Rating scale: excellent below 0.01, very good 0.01 to 0.1, moderate 0.1 to 0.4, significant 0.4 to 1.0, heavy above 1.0.

All three land in the moderate range with different distributions:

Apostate: lowest batchmean at 0.134. Most balanced shift.
Huihui: highest median at 0.056. More prompts see some shift because all 28 layers are touched.
Heretic: lowest median but highest variance at 0.886. A few prompts are heavily affected while most barely move. Consistent with editing fewer tensors at higher intensity.

Heretic’s own evaluation reported KL 0.2189, closely matching our measurement of 0.2106.

Summary

Metric	Base	Apostate	Huihui	Heretic
HarmBench ASR	31.0%	98.8%	98.2%	100.0%
MMLU	71.78	71.43	70.27	71.59
GSM8K	79.23	80.74	80.74	80.82
KL divergence	0.000	0.134	0.190	0.211
Tensors changed	0	55, 16.2%	57, 16.8%	37, 10.9%
Params changed	0	35.8%	36.8%	20.0%
Layers modified	0	27 of 28	28 of 28	19 of 28
Mean edit norm	0	1.63	1.85	2.33

Apostate

Orthogonal projection on o_proj and down_proj across 27 of 28 layers. Skips layer 11. 98.8% ASR with zero regressions. GSM8K improved. TruthfulQA mc1 -5.9%, WinoGrande -2.3%, LAMBADA +4.8% perplexity.

Huihui

Same scope as Apostate but touches all 28 layers including layer 11. Slightly higher parameter density at 36.8%. More uniform edit distribution.
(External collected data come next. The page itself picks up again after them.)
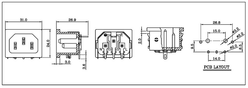 • IEC C13/C14 Inlet/Outlet (snap-in type)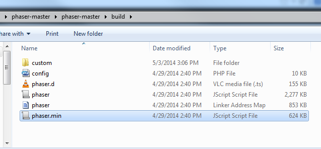 Select the “phaser.min.js” file and, using either the Ctrl-C keyboard shortcut or from the right-click context menu, copy the file.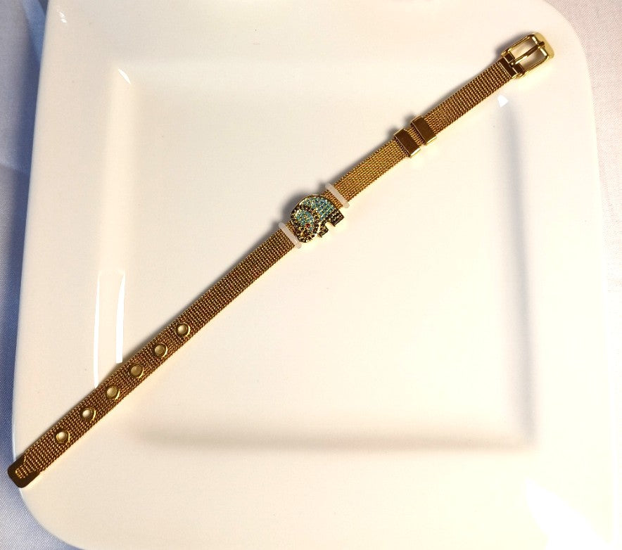 This Elephant Watch Bracelet features a stunning American diamond-embellished elephant centerpiece paired with a sleek golden watch strap, combining elegance and charm in one accessory. Perfect for adding a touch of sophistication to your everyday look.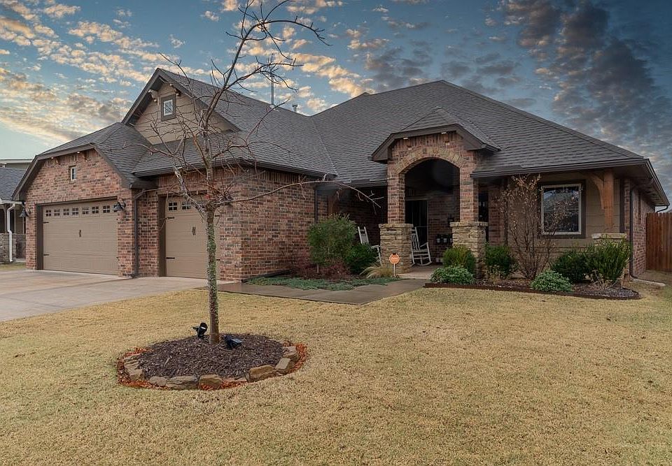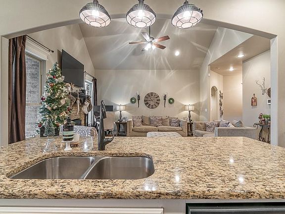 This absolutely stunning just like new home is awaiting its new owners! Living room showcases tall cathedral ceiling, beautiful fireplace with stained woodwork, and windows on either side allowing natural light to flood the room. The wood like tile sweeps through the entry, to the living room, kitchen and continues in the hallway to the secondary bedrooms.The kitchen is a chefs dream, with granite countertops, large center island, stylish tiled backsplash, stained cabinetry, and breakfast bar. Split floor plan allows the privacy of the Primary bedroom on the opposite side of the home from the three secondary bedrooms.The primary bedroom includes a raised ceiling and large window that really opens the room up and complete with a private en-suite featuring a double vanity, tiled walk in shower, separate tub, and walk in closet. Work from home in the study or use this space as an additional bedroom. Keep everyone safe with the above ground safe room in the garage. This home is a must see!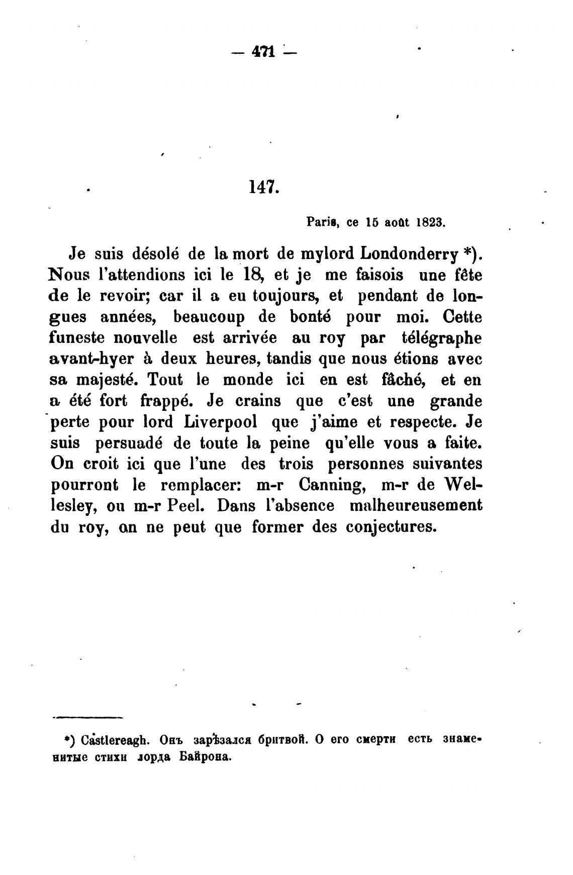 Је suis d6sol6 de la mort de mylord Londonderry *).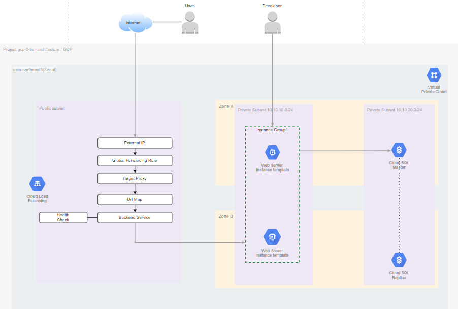 지난 이론편에서 얻은 지식을 바탕으로 GCP에 GCP의 managed instance group을 활용한 2 tier architecture를 만들어보자.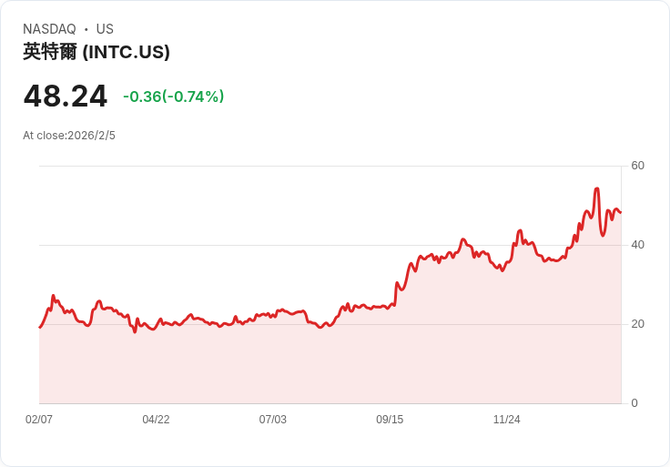 今天,英特爾(Intel)股價在美國股市中大幅上揚,至上午11:52時上漲5.5%。儘管自1月22日財報發布後股價有所回落,但近期已逐步恢復,接近多年的高點。此次反彈主要受到整個AI相關半導體行業向上的推動,尤其是亞馬遜宣佈2026年將投入2000億美元進行資本開支。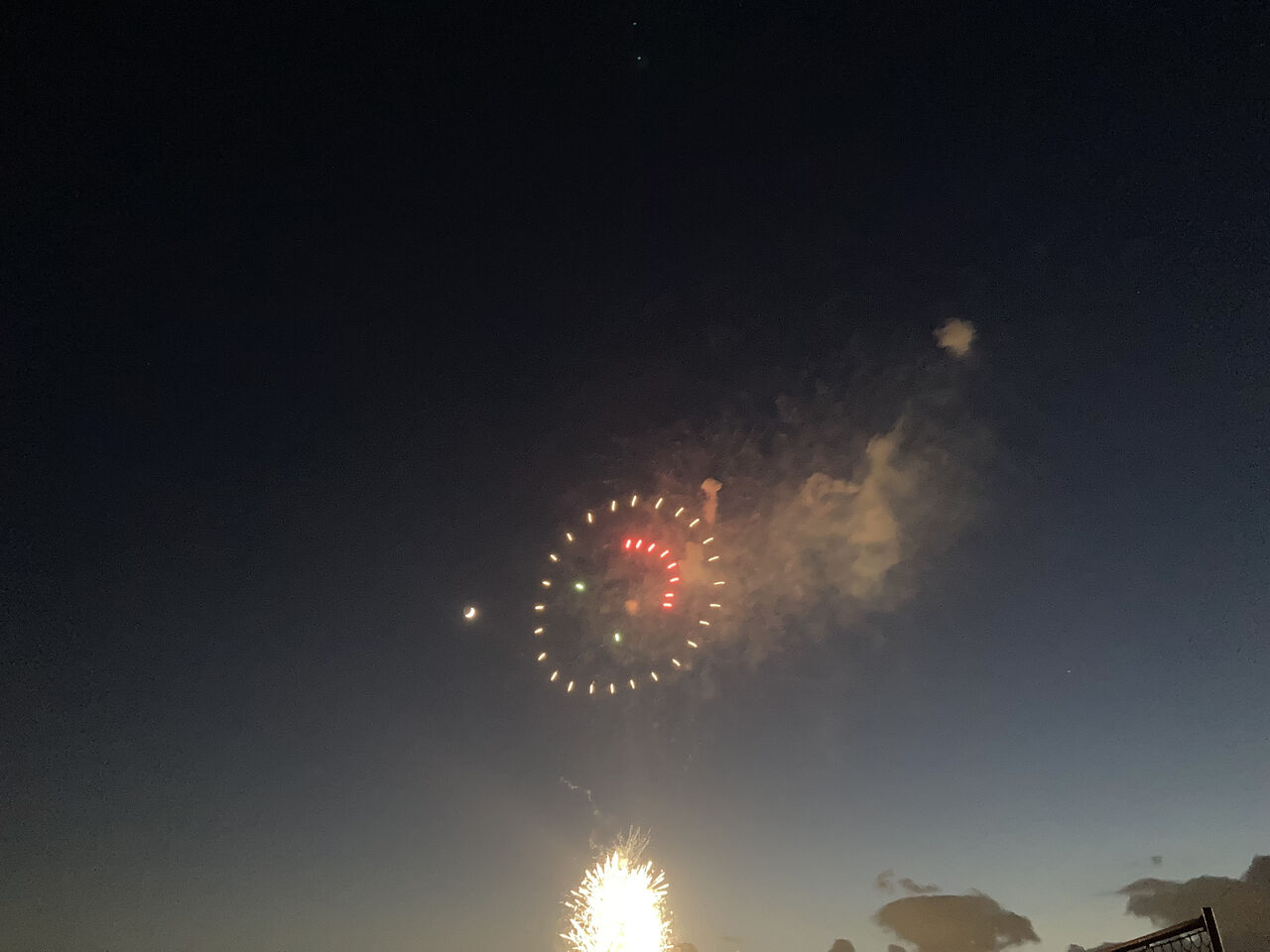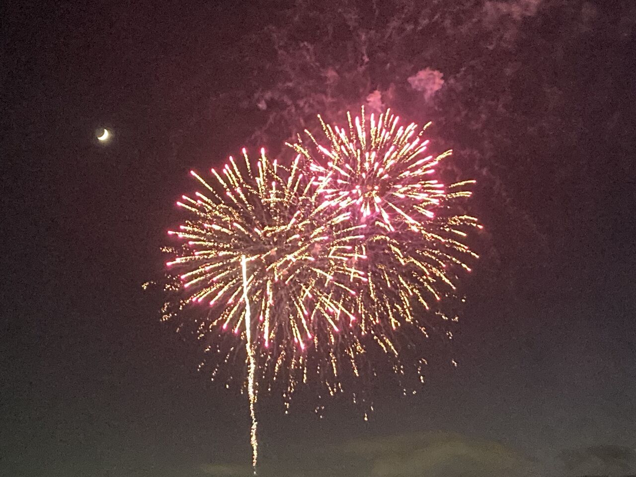 花火と三日月のコラボ。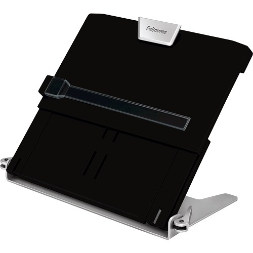 Fellowes Professional Series In-line Copyholder | Places documents between monitor and keyboard for optimal viewing range | Supports books, catalogues, and landscape sheets | Locks at any angle from 90 to 0 degrees | Moveable, magnetic line guide holds documents in place | Stable weighted base; unit folds flat for easy storage | Holds letter, legal, and A4 size documents | Holds up to 250 sheets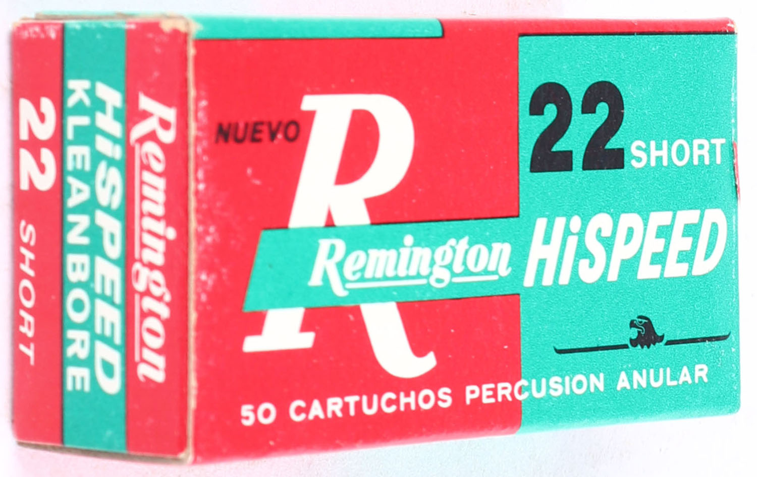 Remington, Nuevo HiSpeed, .22 Short, RHWEB: (Mexico) cdmREM-1 S-2a, Full, 1pc. Red green & white box, box is near mint with minty color, only very minor shelf wear, corners are mostly sharp, edges are crisp, end flaps are solid, ammo is excellent. Grade: Excellent ++ - Value: 16 to 24
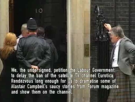 At the door of Number 10 Downing Street, Thomas hands in a petition asking the Labour Government ‘to delay the ban of the satellite TV channel Eurotica Rendez-Vous long enough for us to dramatise some of Alistair Campbell’s saucy stories from Forum magazine and show them on the channel.’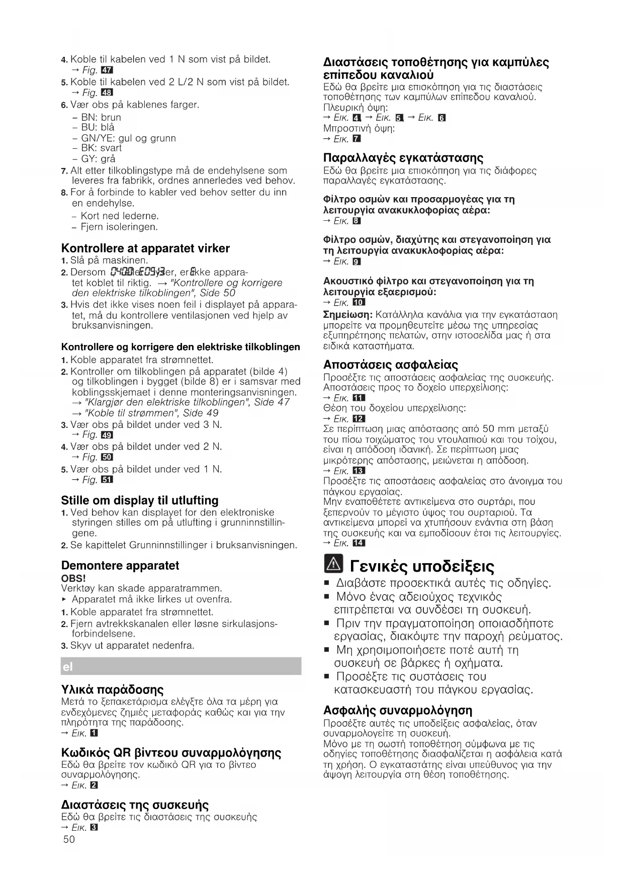 Γενικές υποδείξεις ¡ Διαβάστε προσεκτικά αυτές τις οδηγίες. ¡ Μόνο ένας αδειούχος τεχνικός επιτρέπεται να συνδέσει τη συσκευή. ¡ Πριν την πραγματοποίηση οποιασδήποτε εργασίας, διακόψτε την παροχή ρεύματος. ¡ Μη χρησιμοποιήσετε ποτέ αυτή τη συσκευή σε βάρκες ή οχήματα. ¡ Προσέξτε τις συστάσεις του κατασκευαστή του πάγκου εργασίας. Ασφαλής συναρμολόγηση Προσέξτε αυτές τις υποδείξεις ασφαλείας, όταν συναρμολογείτε τη συσκευή. Μόνο με τη σωστή τοποθέτηση σύμφωνα με τις οδηγίες τοποθέτησης διασφαλίζεται η ασφάλεια κατά τη χρήση. Ο εγκαταστάτης είναι υπεύθυνος για την άψογη λειτουργία στη θέση τοποθέτησης.51 ΠΡΟΕΙΔΟΠΟΙΗΣΗ‒Κίνδυνος: Μαγνητισμός! Η συσκευή περιέχει μόνιμους μαγνήτες. Αυτοί μπορούν να επηρεάσουν αρνητικά τα ηλεκτρονικά στοιχεία εμφύτευσης, π.χ. βηματοδότες καρδιάς ή αντλίες ινσουλίνης. ▶ Οι φορείς ηλεκτρονικών στοιχείων εμφύτευσης πρέπει να τηρούν μια ελάχιστη απόσταση 10 cm από τη συσκευή. ΠΡΟΕΙΔΟΠΟΙΗΣΗ‒Κίνδυνος δηλητηρίασης! Τα επαναρροφούμενα αέρια καύσης μπορούν να προκαλέσουν δηλητηριάσεις. Εστίες, εξαρτημένες από τον αέρα του περιβάλλοντος (π.χ. συσκευές θέρμανσης που λειτουργούν με αέριο, πετρέλαιο, ξύλο ή άνθρακα, ταχυθερμοσίφωνες, θερμαντήρες νερού) λαμβάνουν τον αέρα για καύση από τον χώρο τοποθέτησης και οδηγούν τα καυσαέρια μέσα από μια εγκατάσταση απαγωγής των καυσαερίων (π.χ. καμινάδα) στον έξω χώρο. Σε συνδυασμό με έναν ενεργοποιημένο απορροφητήρα αφαιρείται αέρας από την κουζίνα και τους γειτονικούς χώρους. Χωρίς επαρκή παροχή αέρα δημιουργείται μια υποπίεση. Τα δηλητηριώδη αέρια από την καμινάδα ή τον απορροφητήρα επιστρέφουν πίσω στα δωμάτια του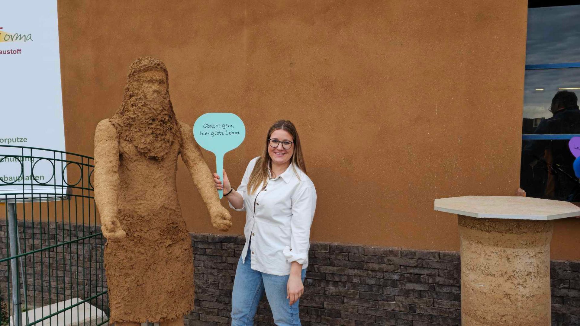 Nina Oberst von Götzenkunst hat diese Wand entworfen. Die Lehm-Selfie-Wand stellt die Elemente dar, die für die Verarbeitung von Lehm benötigt werden.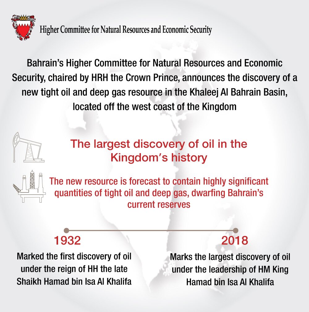 وقد أسفرت أعمال اللجنة بتوفيق من الله في التوصل الى أكبر اكتشاف في تاريخ مملكة البحرين، وبهذه المناسبة يرفع صاحب السمو الملكي ولي العهد نائب القائد الأعلى النائب الأول لرئيس مجلس الوزراء وأعضاء اللجنة أسمى آيات التبريكات الى المقام السامي لحضرة صاحب الجلالة الملك المفدى وإلى صاحب السمو الملكي رئيس مجلس الوزراء، وتعلن اللجنة العليا للثروات الطبيعية والأمن الاقتصادي عن اكتشاف مورد كبير من النفط الصخري الخفيف تقدر كمياته بأضعاف حقل البحرين، بالإضافة إلى اكتشاف كميات كبيرة من الغاز العميق.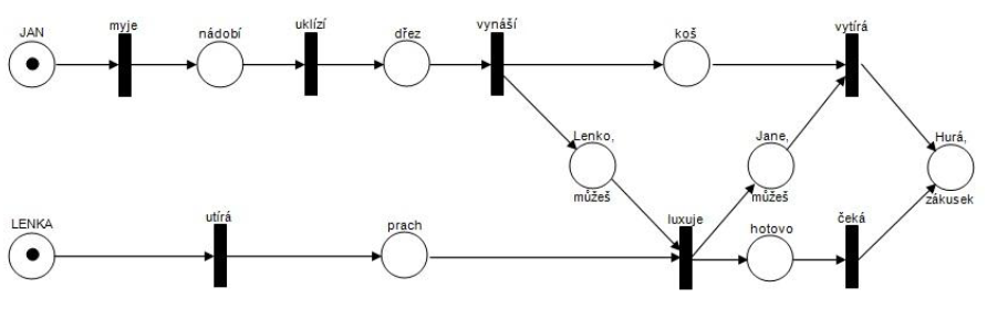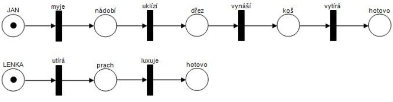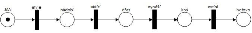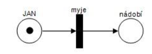 Místa (kroužky) budou popisovat, co je už uděláno, přechody (plné obdélníčky) jednotlivé činnosti.
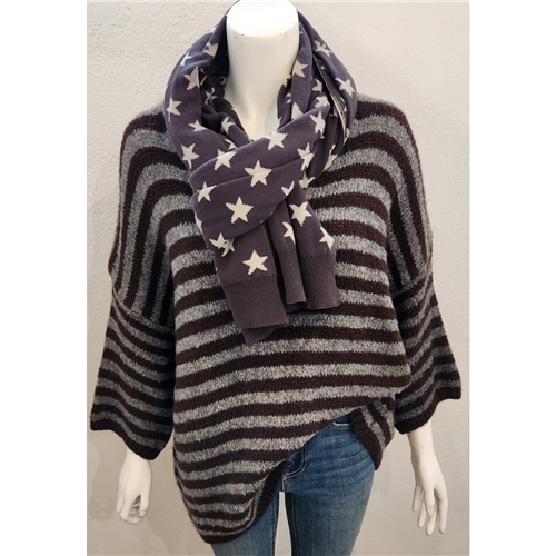 Sarah Tempest – Striped ‘V’ Neck – Chocolate and Grey

Near-zero cosine similarity with Apostate edits despite targeting the same tensors. Different refusal direction entirely. 98.2% ASR with 7 persistent refusals. Takes the biggest capability hit of the three variants.

Heretic

Most surgical approach and most effective. Produced using Heretic v1.3.0. Only layers 9 to 27. Fewest tensors at 37, fewest parameters at 20%, but highest per-tensor intensity at 2.33 mean norm. No embedding edit. 100% ASR: complete safety removal with zero persistent refusals. Also retains the most capability. LAMBADA perplexity actually improves from 3.683 to 3.627.

Methodology

Capability: lm-evaluation-harness via vLLM v0.19.0, bf16 on RTX 5090 32GB. Two runs per model: loglikelihood + TruthfulQA with max_gen_toks=2048, then GSM8K. Base and Apostate used max_gen_toks=2048 for GSM8K. Huihui and Heretic used max_gen_toks=7168. This difference does not affect loglikelihood tasks and GSM8K scores are comparable across all variants at the achieved score range.
Safety: HarmBench 400 textual behaviours, max_tokens=6144, temperature=0.0, via vLLM v0.20.0. Keyword classification with LLM review of edge cases by GLM 5.1.
KL divergence: Full vocab first-token logits via model.generate(max_new_tokens=1, output_scores=true), matching Heretic evaluator methodology.
Weight analysis: Panel comparison, edit vectors, SVD, fingerprint, layer analysis, cross-technique correlation, and subspace alignment using Abliterlitics .
Hardware: RTX 5090 32GB for all Qwen 2.5 runs.

Disclaimer

These models have had safety alignment removed. They will comply with harmful requests, including generating content related to violence, illegal activities, and other harmful behaviours. Use responsibly and in accordance with applicable laws and regulations. The authors do not condone or encourage the use of these models for harmful purposes.

If you spot something that looks wrong and can be confirmed, I am happy to fix it.